::: GIVEN RECORDS

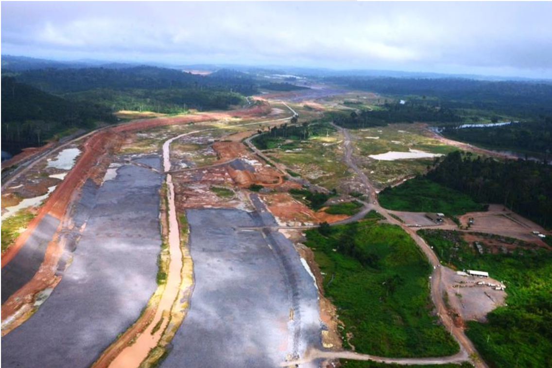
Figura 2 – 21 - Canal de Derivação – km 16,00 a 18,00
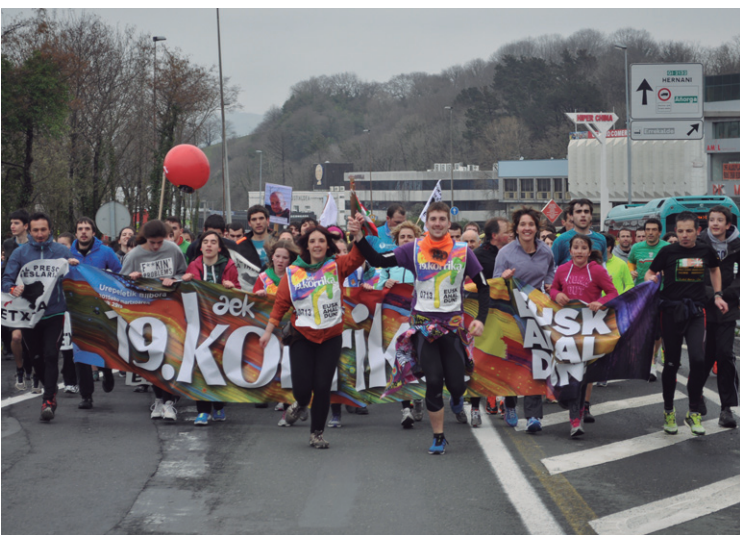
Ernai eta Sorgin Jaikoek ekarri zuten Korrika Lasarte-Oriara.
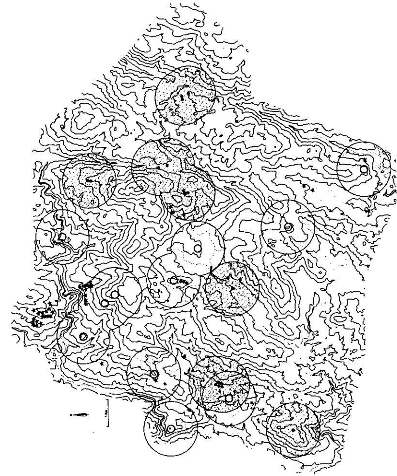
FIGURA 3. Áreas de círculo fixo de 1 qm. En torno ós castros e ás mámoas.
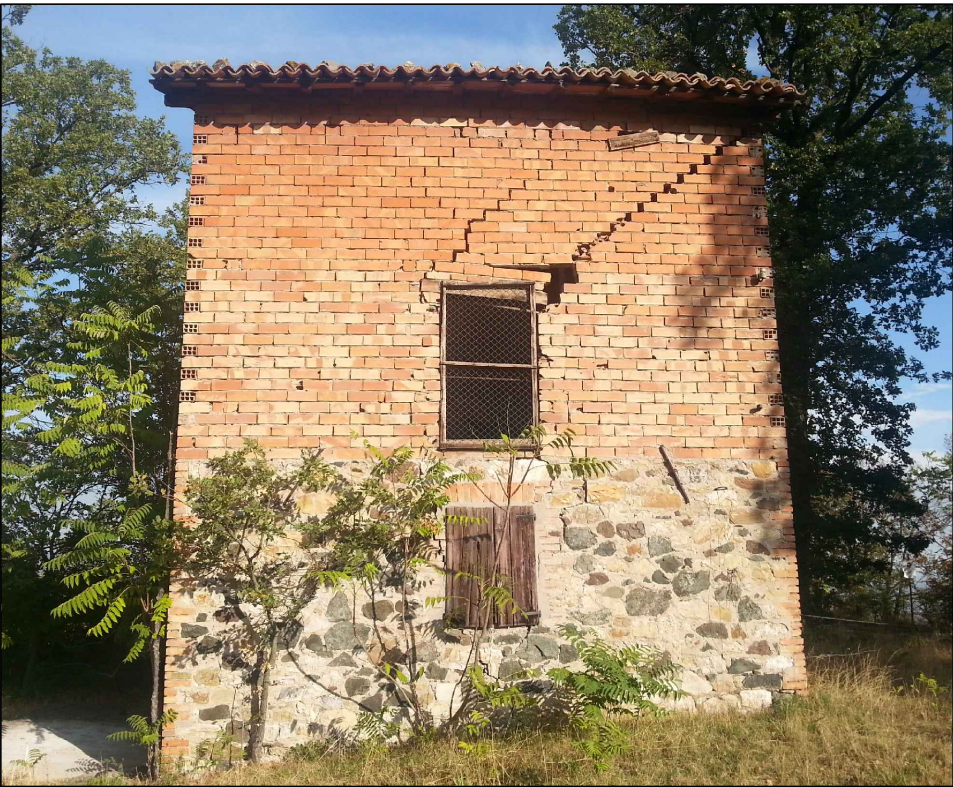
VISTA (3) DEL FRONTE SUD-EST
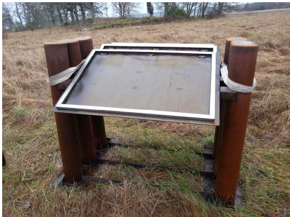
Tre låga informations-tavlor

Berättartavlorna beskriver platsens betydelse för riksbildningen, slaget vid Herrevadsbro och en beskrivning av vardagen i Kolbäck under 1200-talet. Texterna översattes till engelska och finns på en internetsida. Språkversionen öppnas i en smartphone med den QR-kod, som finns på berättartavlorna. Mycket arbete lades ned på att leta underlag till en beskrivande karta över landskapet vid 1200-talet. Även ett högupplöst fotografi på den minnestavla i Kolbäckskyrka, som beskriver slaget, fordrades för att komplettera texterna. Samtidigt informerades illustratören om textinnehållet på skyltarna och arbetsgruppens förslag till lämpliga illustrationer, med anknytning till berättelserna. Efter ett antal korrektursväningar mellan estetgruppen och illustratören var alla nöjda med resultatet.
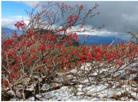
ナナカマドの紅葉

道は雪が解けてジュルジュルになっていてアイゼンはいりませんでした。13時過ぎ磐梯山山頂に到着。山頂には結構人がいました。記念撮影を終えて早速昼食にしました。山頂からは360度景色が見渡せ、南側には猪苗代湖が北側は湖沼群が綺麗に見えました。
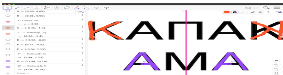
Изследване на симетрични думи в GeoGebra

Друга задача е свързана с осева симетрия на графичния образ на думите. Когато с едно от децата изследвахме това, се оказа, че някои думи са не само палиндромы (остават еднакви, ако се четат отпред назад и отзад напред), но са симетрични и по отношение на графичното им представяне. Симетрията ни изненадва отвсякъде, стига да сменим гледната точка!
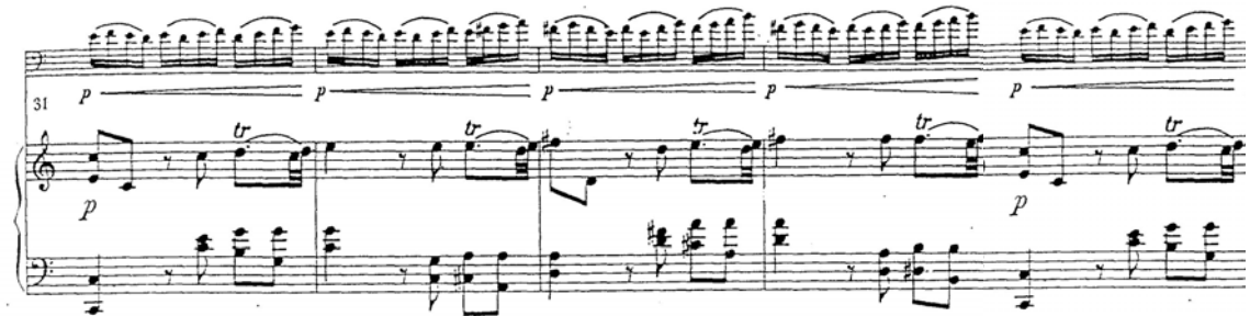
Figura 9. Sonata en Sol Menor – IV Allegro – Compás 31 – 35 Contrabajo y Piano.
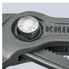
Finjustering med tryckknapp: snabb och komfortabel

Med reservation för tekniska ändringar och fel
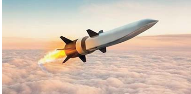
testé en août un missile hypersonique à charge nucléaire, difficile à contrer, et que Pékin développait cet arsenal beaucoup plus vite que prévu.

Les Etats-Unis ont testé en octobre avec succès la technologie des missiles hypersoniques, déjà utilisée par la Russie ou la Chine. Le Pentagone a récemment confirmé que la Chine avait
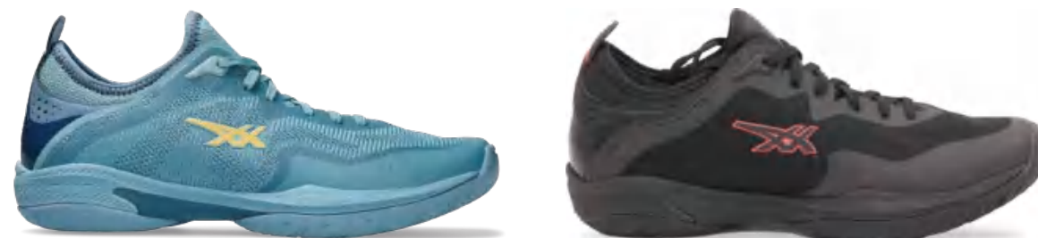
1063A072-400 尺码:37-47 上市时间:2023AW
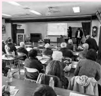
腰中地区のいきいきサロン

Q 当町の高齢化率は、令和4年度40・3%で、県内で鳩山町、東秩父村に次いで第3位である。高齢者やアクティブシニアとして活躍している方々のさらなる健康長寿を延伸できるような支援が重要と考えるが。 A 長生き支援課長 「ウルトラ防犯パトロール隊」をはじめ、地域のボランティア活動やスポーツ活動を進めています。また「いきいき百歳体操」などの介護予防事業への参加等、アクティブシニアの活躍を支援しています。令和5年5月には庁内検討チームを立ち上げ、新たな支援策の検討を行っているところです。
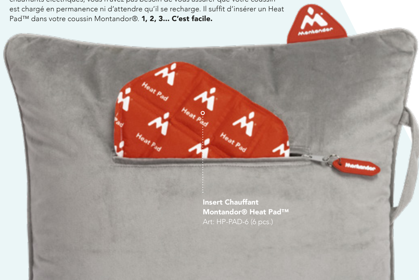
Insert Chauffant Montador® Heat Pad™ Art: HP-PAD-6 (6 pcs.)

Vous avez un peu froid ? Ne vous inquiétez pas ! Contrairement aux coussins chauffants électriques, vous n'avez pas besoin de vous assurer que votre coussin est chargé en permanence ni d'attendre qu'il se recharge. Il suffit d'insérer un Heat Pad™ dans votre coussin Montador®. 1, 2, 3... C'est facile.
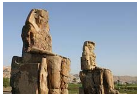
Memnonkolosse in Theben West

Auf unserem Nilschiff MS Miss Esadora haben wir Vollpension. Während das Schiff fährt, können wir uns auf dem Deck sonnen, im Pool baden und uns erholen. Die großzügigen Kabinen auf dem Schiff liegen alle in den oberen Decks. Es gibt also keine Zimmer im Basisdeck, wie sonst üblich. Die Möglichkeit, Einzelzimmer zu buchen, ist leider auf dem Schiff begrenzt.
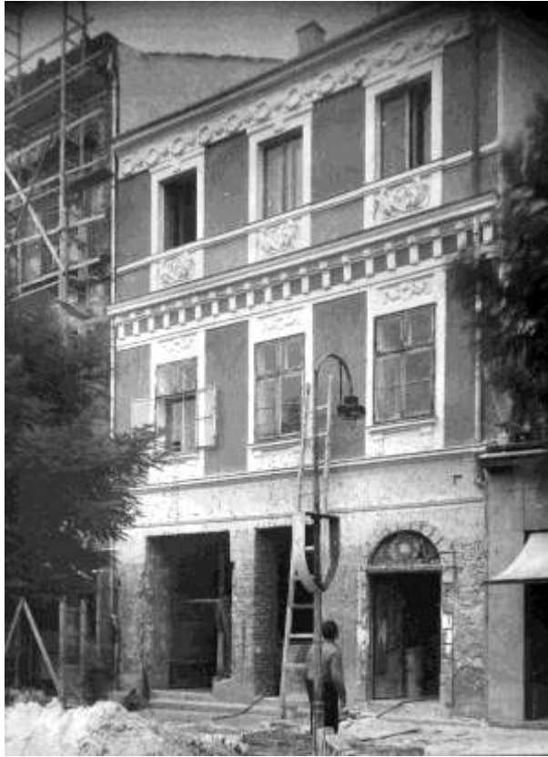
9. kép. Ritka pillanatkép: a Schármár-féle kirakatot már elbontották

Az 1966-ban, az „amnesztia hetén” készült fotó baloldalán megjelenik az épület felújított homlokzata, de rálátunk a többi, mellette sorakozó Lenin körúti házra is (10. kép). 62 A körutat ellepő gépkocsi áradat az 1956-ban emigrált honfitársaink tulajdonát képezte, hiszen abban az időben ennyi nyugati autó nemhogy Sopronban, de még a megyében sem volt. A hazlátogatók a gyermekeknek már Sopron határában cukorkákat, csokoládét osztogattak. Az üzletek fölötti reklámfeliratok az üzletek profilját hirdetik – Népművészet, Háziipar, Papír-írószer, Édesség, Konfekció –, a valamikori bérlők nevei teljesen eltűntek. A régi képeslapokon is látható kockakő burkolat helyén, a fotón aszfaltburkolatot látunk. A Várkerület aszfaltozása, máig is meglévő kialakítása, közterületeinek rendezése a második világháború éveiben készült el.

::::::

EXERCISE INSTRUCTIONS:
Note how many lines of the entries contain the string "Heat", then give that number by itself.

EXERCISE RESULT:
2